**EXERCISE GOAL:** Images should be omitted while the rest of the data is duplicated exactly.

**AVAILABLE DATA:**
-*-*-

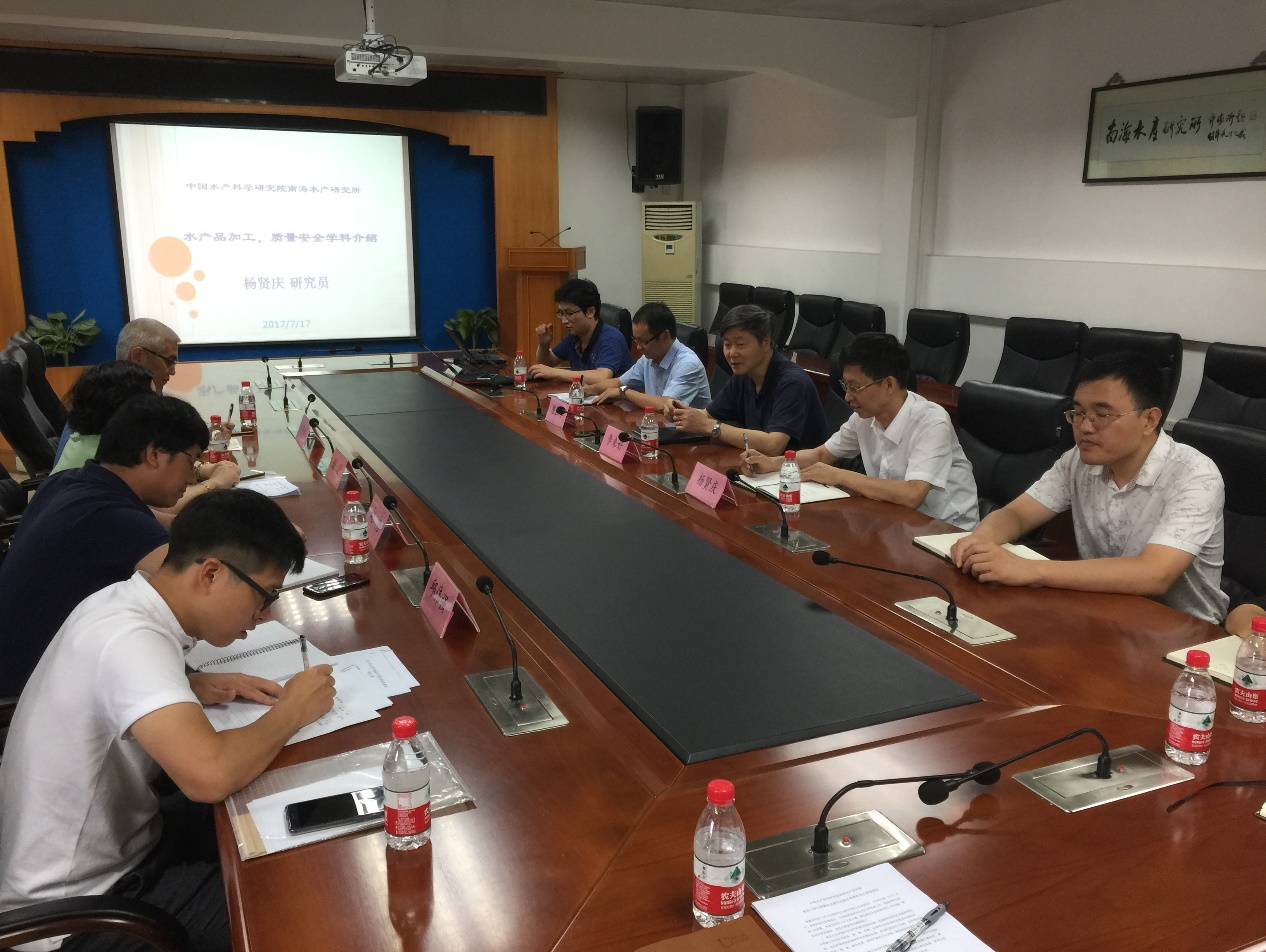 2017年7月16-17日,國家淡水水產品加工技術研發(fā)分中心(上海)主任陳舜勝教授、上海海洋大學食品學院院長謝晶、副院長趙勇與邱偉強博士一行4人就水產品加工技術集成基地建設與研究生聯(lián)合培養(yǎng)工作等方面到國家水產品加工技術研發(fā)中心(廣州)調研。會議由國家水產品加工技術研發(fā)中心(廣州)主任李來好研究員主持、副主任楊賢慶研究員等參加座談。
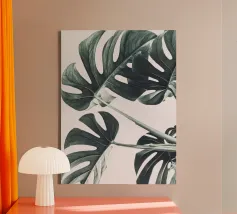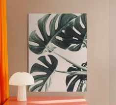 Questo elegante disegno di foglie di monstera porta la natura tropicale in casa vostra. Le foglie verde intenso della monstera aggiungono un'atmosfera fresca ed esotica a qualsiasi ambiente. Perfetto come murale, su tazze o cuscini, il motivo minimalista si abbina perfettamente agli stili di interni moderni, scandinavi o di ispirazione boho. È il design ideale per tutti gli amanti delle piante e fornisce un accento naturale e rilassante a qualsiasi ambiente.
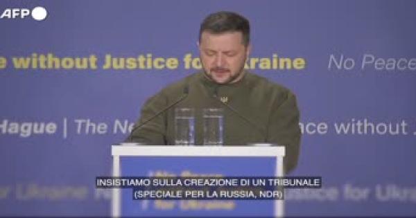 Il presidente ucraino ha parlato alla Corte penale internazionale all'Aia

-*-*-

**RESULT:**
 2017年7月16-17日,國家淡水水產品加工技術研發(fā)分中心(上海)主任陳舜勝教授、上海海洋大學食品學院院長謝晶、副院長趙勇與邱偉強博士一行4人就水產品加工技術集成基地建設與研究生聯(lián)合培養(yǎng)工作等方面到國家水產品加工技術研發(fā)中心(廣州)調研。會議由國家水產品加工技術研發(fā)中心(廣州)主任李來好研究員主持、副主任楊賢慶研究員等參加座談。
 Questo elegante disegno di foglie di monstera porta la natura tropicale in casa vostra. Le foglie verde intenso della monstera aggiungono un'atmosfera fresca ed esotica a qualsiasi ambiente. Perfetto come murale, su tazze o cuscini, il motivo minimalista si abbina perfettamente agli stili di interni moderni, scandinavi o di ispirazione boho. È il design ideale per tutti gli amanti delle piante e fornisce un accento naturale e rilassante a qualsiasi ambiente.
 Il presidente ucraino ha parlato alla Corte penale internazionale all'Aia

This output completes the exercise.